Rather, man’s own hatred toward God prevents him from ever reconciling with Christ in and of his own will. Man’s will is free in the sense that he can do whatever he “wants”. But lost men don’t want Christ. And they never will unless their hearts are changed (Romans 3:11, 18).
So, yes. It is true. God gives many men exactly what they want. And for others, He opens their eyes by His grace to see Christ as their only suitable and all-sufficient Savior. And in this, no one receives anything “unfair” from God. The amazing thing about grace is not that everyone isn’t saved. The amazing thing is, knowing our vileness before God, that anyone is saved!
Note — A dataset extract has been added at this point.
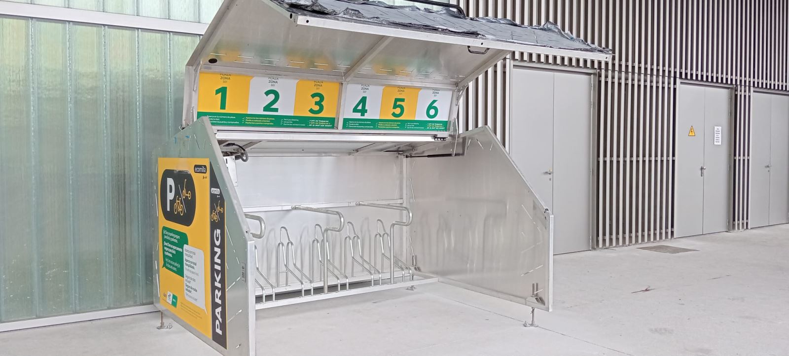 El aparcamiento, tipo modular, cerrado y cubierto, tiene capacidad para seis bicicletas y un bajo impacto visual. El modelo es sostenible y autónomo energéticamente y se alimenta con electricidad generada por instalaciones solares fotovoltaicas, que carga las baterías.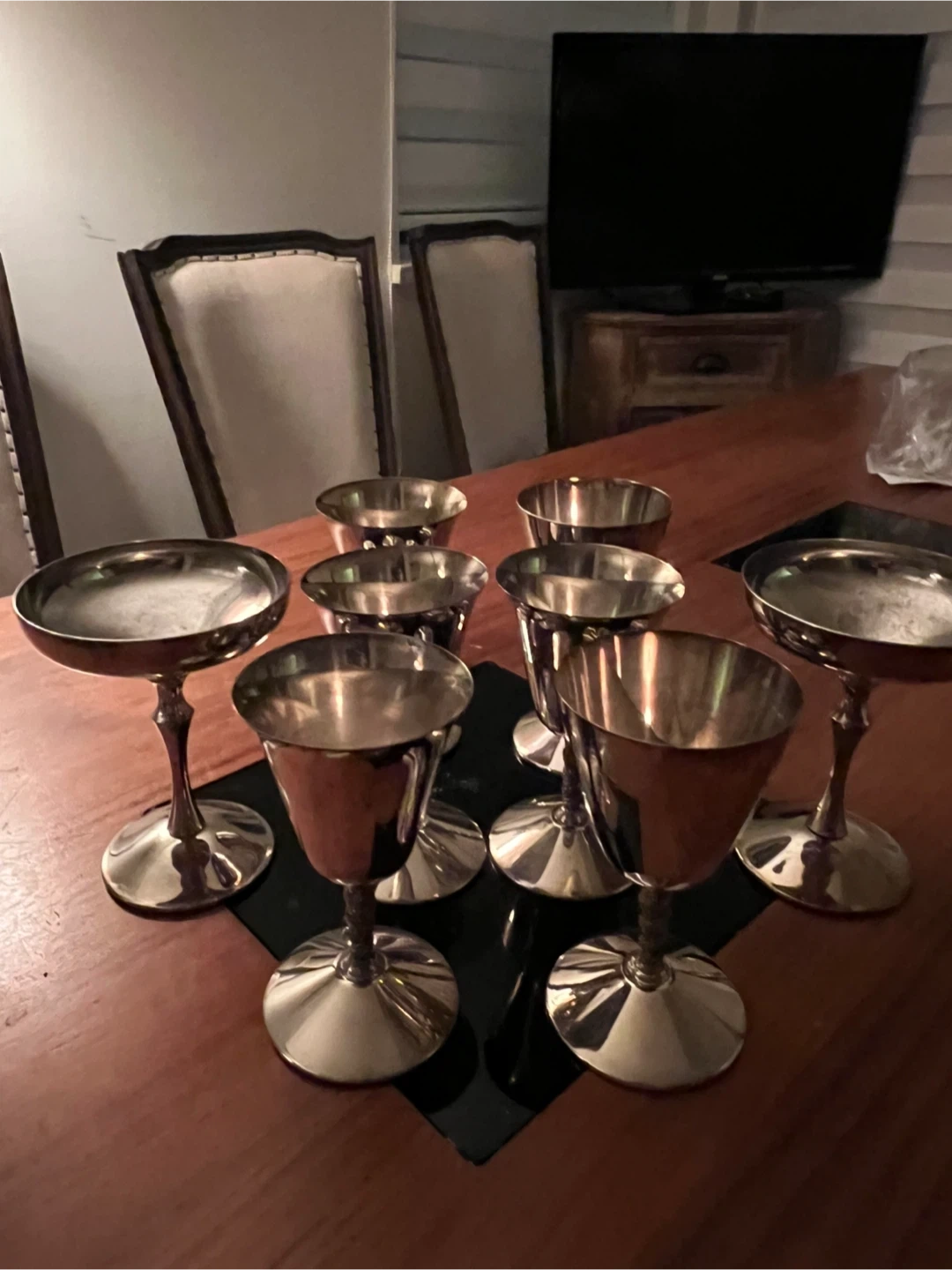 Eight gleaming silver footed goblets are ready for your next gathering. These versatile cups would be perfect for serving individual desserts or as unique drinkware. They're made of metal and have a polished finish.

These are the mysteries and eternal councils of a holy and righteous God. All that He does, decides, and decrees is Holy. The Judge of all the earth shall do right. Therefore, I take the message of Christ to those around me knowing God is mighty to save. And for those who reject Him, He is mighty to judge because He righteously hates sin.
I must do my part of pleading and seeking to convince sinners of their rebellion against God and need for Christ who is a merciful and faithful high priest. And I trust God with His part of opening blinded eyes and regenerating dead hearts. To Him alone be the glory.